Problem » Exact repetition of a range: find the line containing "This is a BUNDLE" and the line containing "Stimuleert rollenspel en" in the material below, then repeat both and all lines between them, leaving pictures out.

The data »
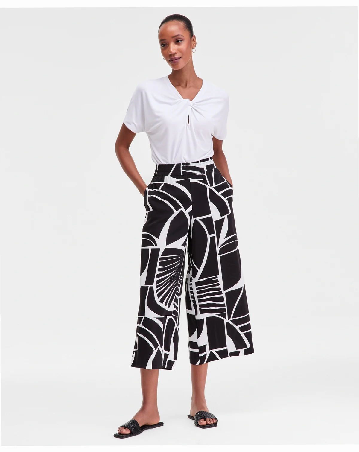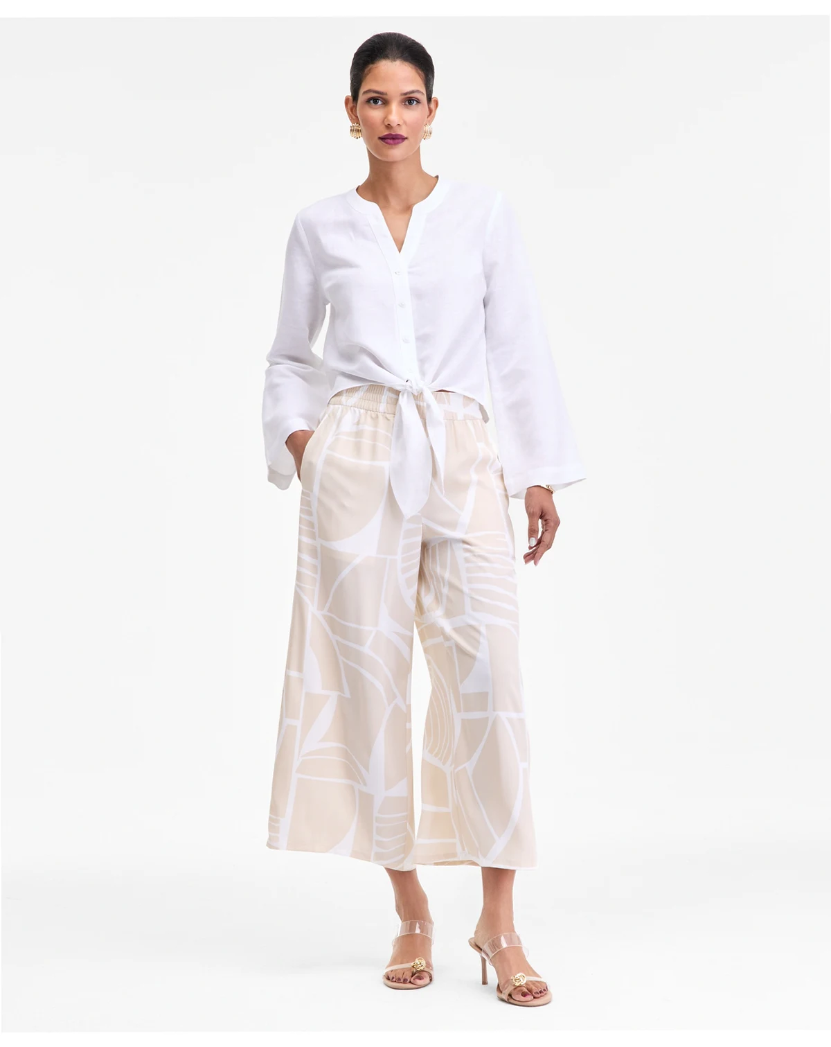 Women's Cropped Printed Pull-On Wide-Leg Pants, Macy's Exclusive
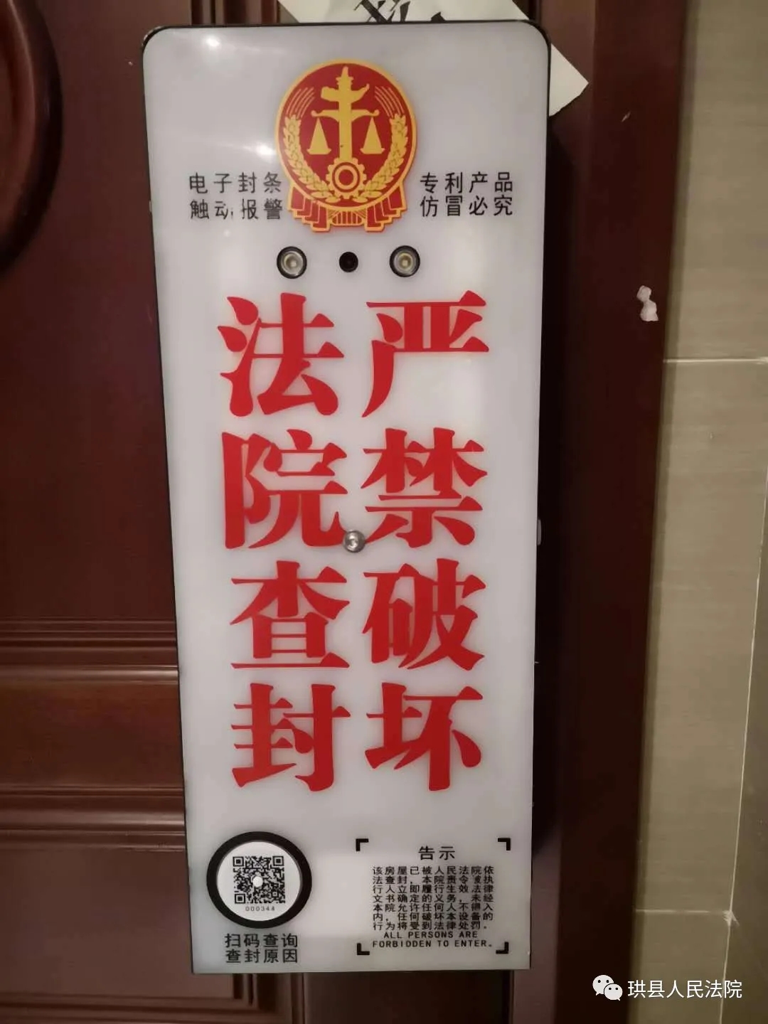 查封现场,法院执行干警只用了短短两分钟时间,就将这一“电子封条”安装调试完成。“电子封条”上印有法徽、“法院查封”“严禁破坏”等字样,十分醒目。
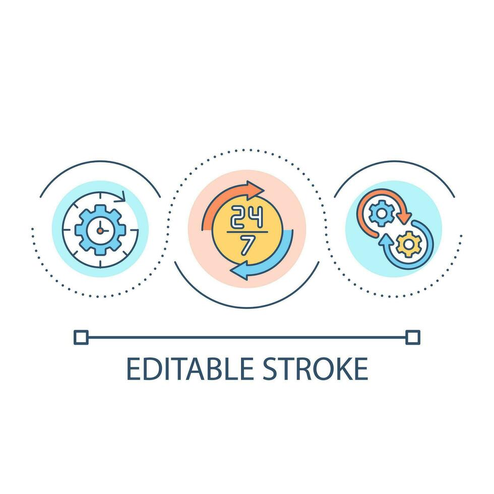 Around clock schedule loop concept icon. Daily access. Non stop working. Timetable optimization abstract idea thin line illustration. Isolated outline drawing. Editable stroke Pro Vector
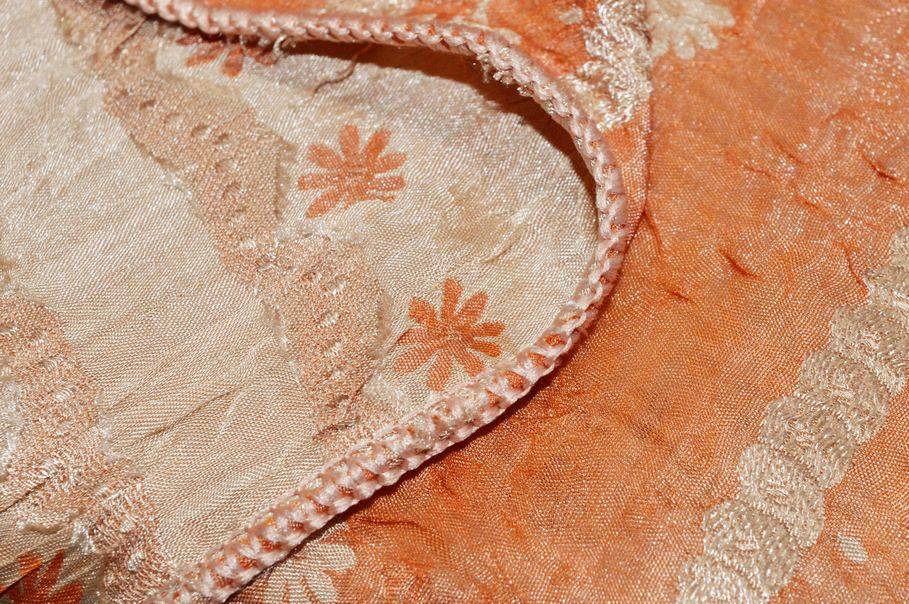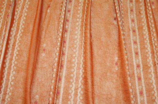 La particolarità di questo tessuto per tende sta nella sua struttura ottenuta dall'unione di due strati di stoffa. Il primo livello viene realizzato in leggera organza dall'aspetto luminoso e trasparente. Presenta una bellissima colorazione arancione impreziosita da piccoli fiorellini rossi. Il secondo strato ha sempre una mano molto morbida e cadente, ma coprente. Ha una delicata colorazione beige abbastanza luminosa ed unito all'organza arancione crea raffinati ricami floreali.
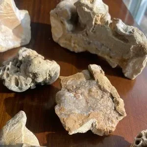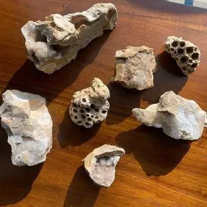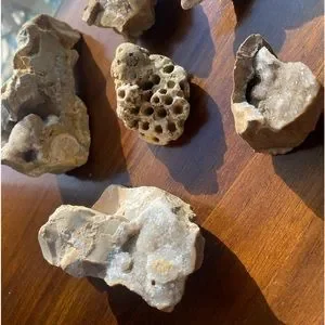 This is a BUNDLE of 7 assorted rocks & fossils. Included: Coral fossils and chert (flint) with druzy crystals. Great for any display case or simply a paperweight! Don’t miss out on these AMAZING looking fossils and crystals! 🪨🪸
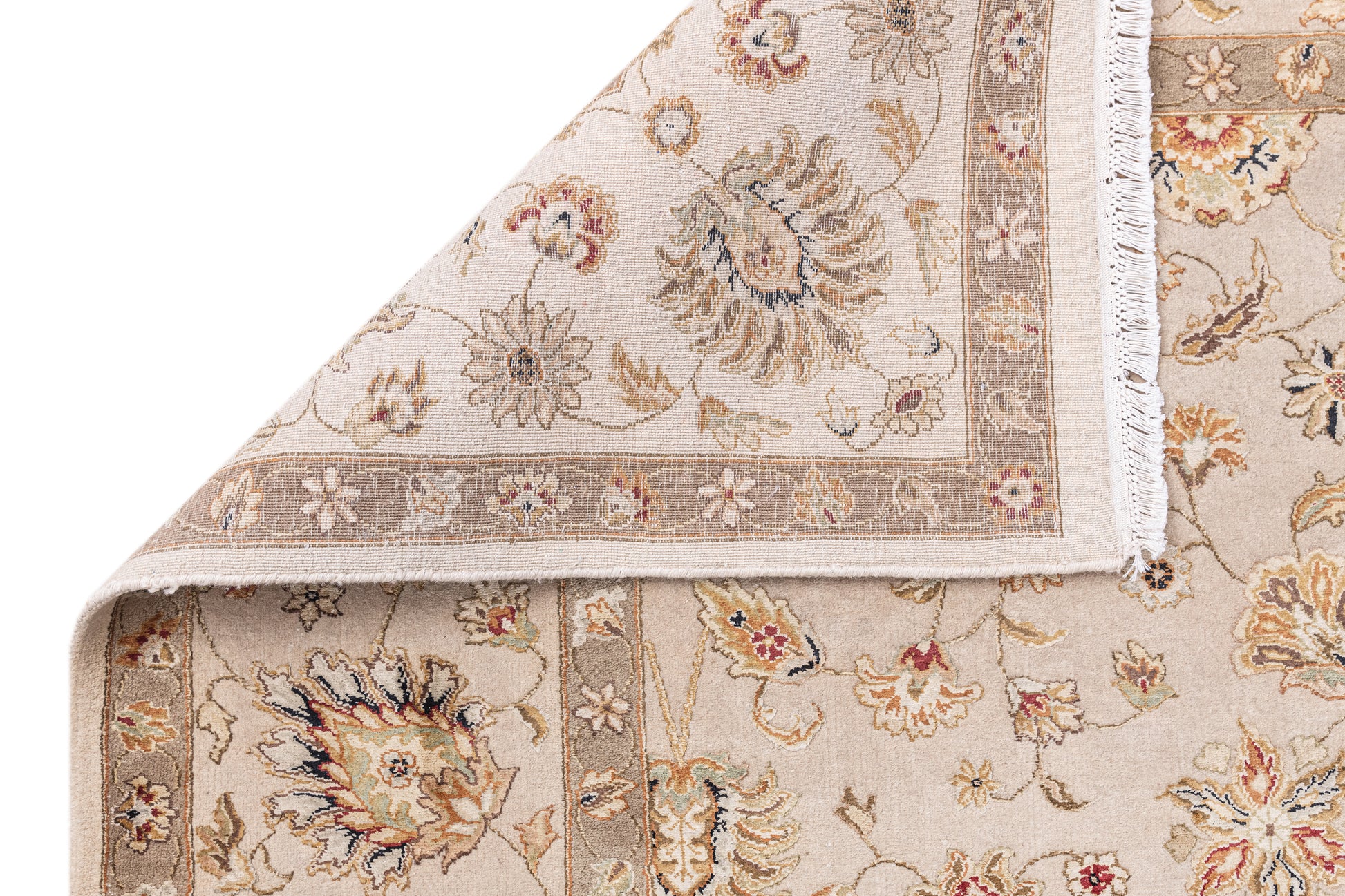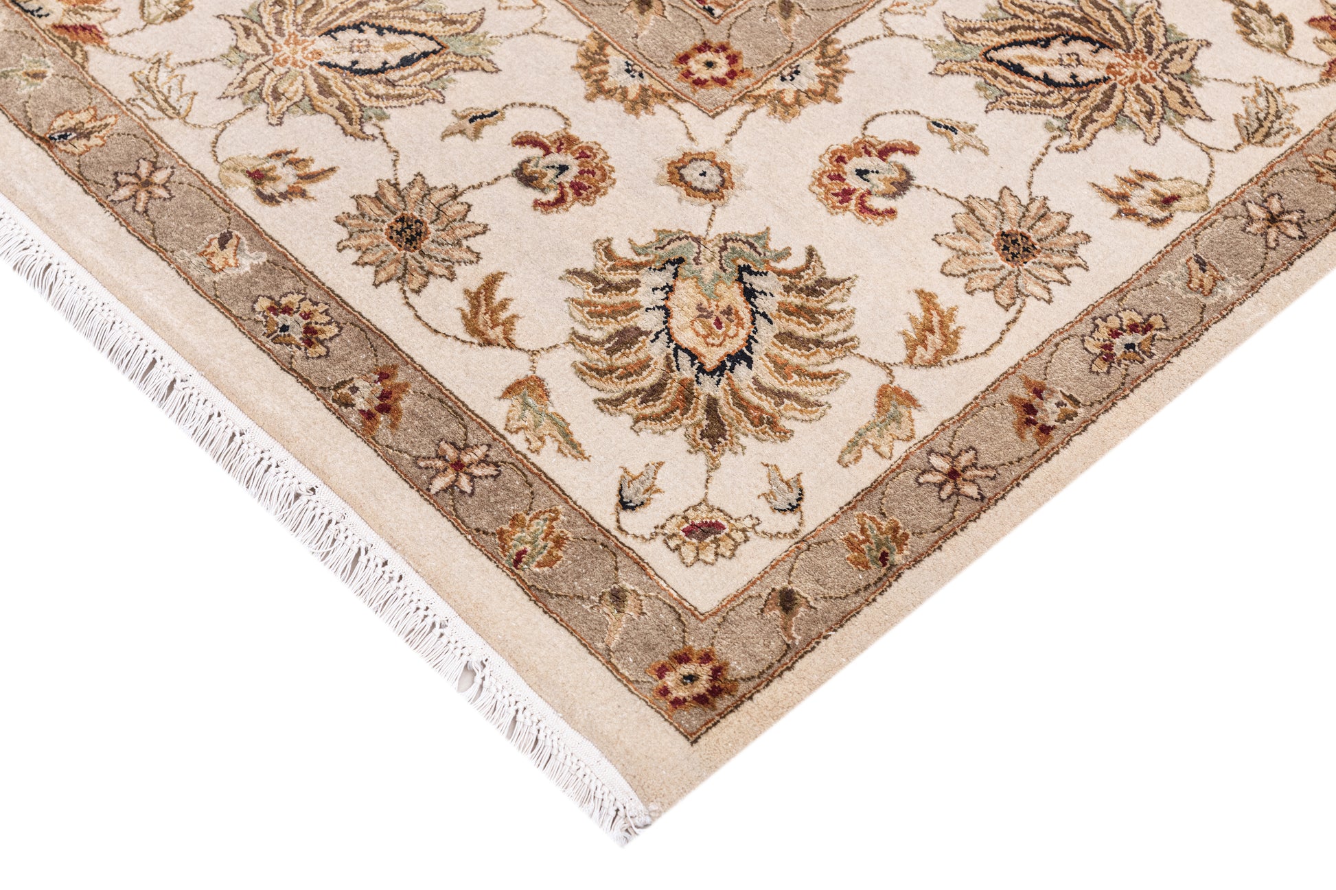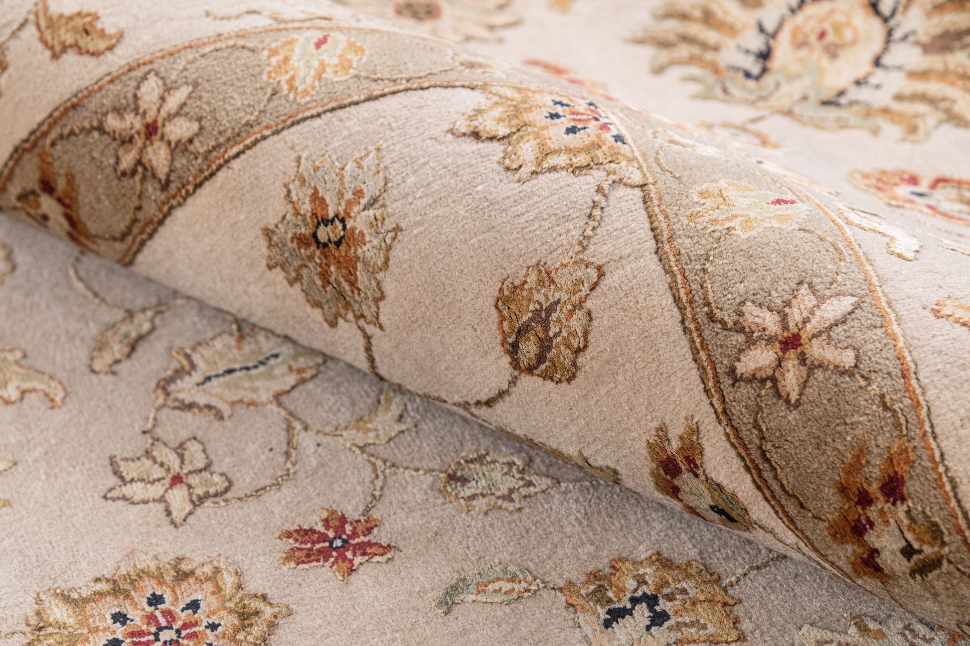 Traditional Wool & Silk Beige Handknotted Rug
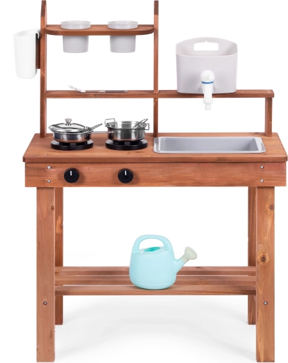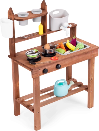 Stimuleert rollenspel en laat kinderen “koken” met zand, aarde of steentjes. Overzichtelijke plankjes en haakjes houden het servies bij de hand, terwijl de compacte afmetingen het plaatsen in kleinere ruimtes vergemakkelijken.
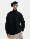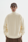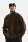 Crafted from premium synthetic fibers, this heavyweight 830G knit sweater boasts a tactile ribbed texture, providing a cozy, soft-to-touch experience. A relaxed, oversized cut merges with the distinctive Japanese-inspired high funnel neck for a harmonious blend of nonchalance and sophistication, ready to layer over any ensemble for added warmth and detail.
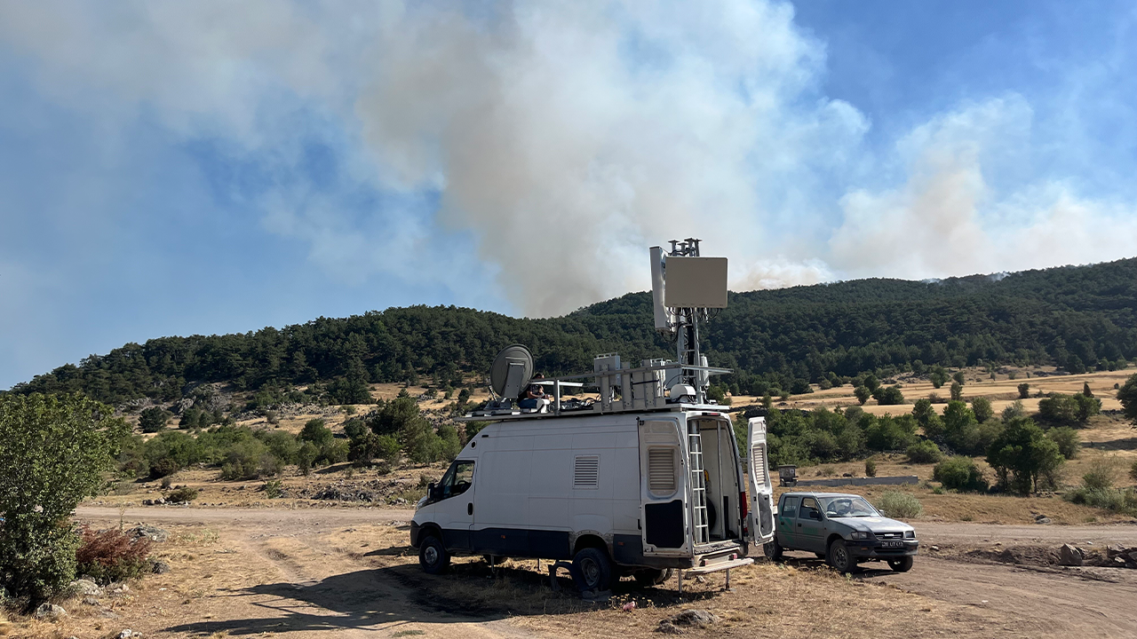 Eskişehir Seyitgazi’de devam eden orman yangınında iletişim sorunu yaşanması üzerine bölgeye mobil baz istasyonu kurularak ekiplerin koordinasyonu sağlandı.
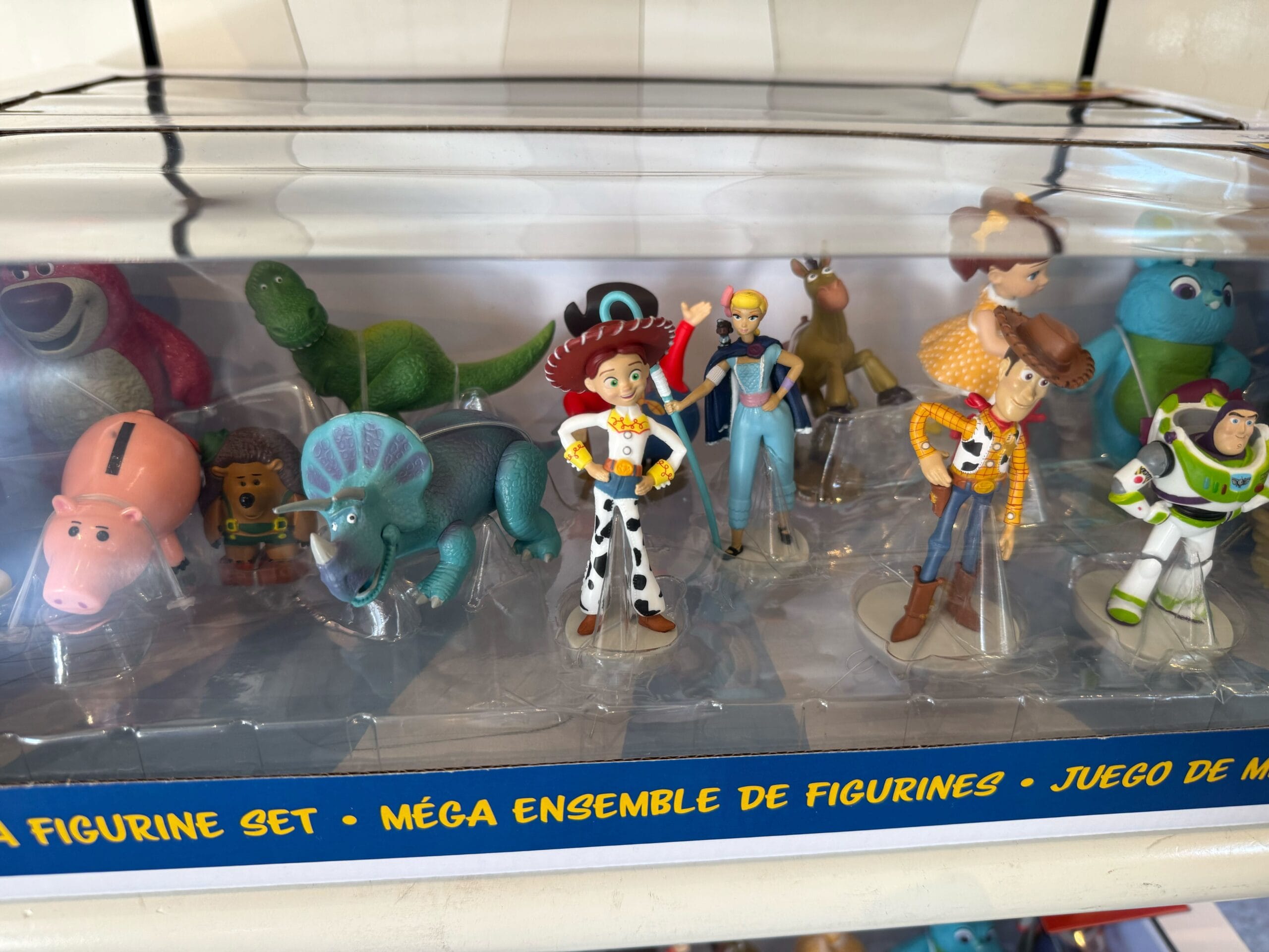 The Toy Story figurine set includes characters from across the franchise: Woody, Buzz Lightyear, Rex, Hamm, Aliens, Zurg, Jessie, Bullseye, Stinky Pete, Lotso, Mr. Pricklepants, Dolly, Trixie, Buttercup, Ducky, Bunny, Gabby Gabby, Forky, and Bo Peep.

Your solution »
 This is a BUNDLE of 7 assorted rocks & fossils. Included: Coral fossils and chert (flint) with druzy crystals. Great for any display case or simply a paperweight! Don’t miss out on these AMAZING looking fossils and crystals! 🪨🪸
 Traditional Wool & Silk Beige Handknotted Rug
 Stimuleert rollenspel en laat kinderen “koken” met zand, aarde of steentjes. Overzichtelijke plankjes en haakjes houden het servies bij de hand, terwijl de compacte afmetingen het plaatsen in kleinere ruimtes vergemakkelijken.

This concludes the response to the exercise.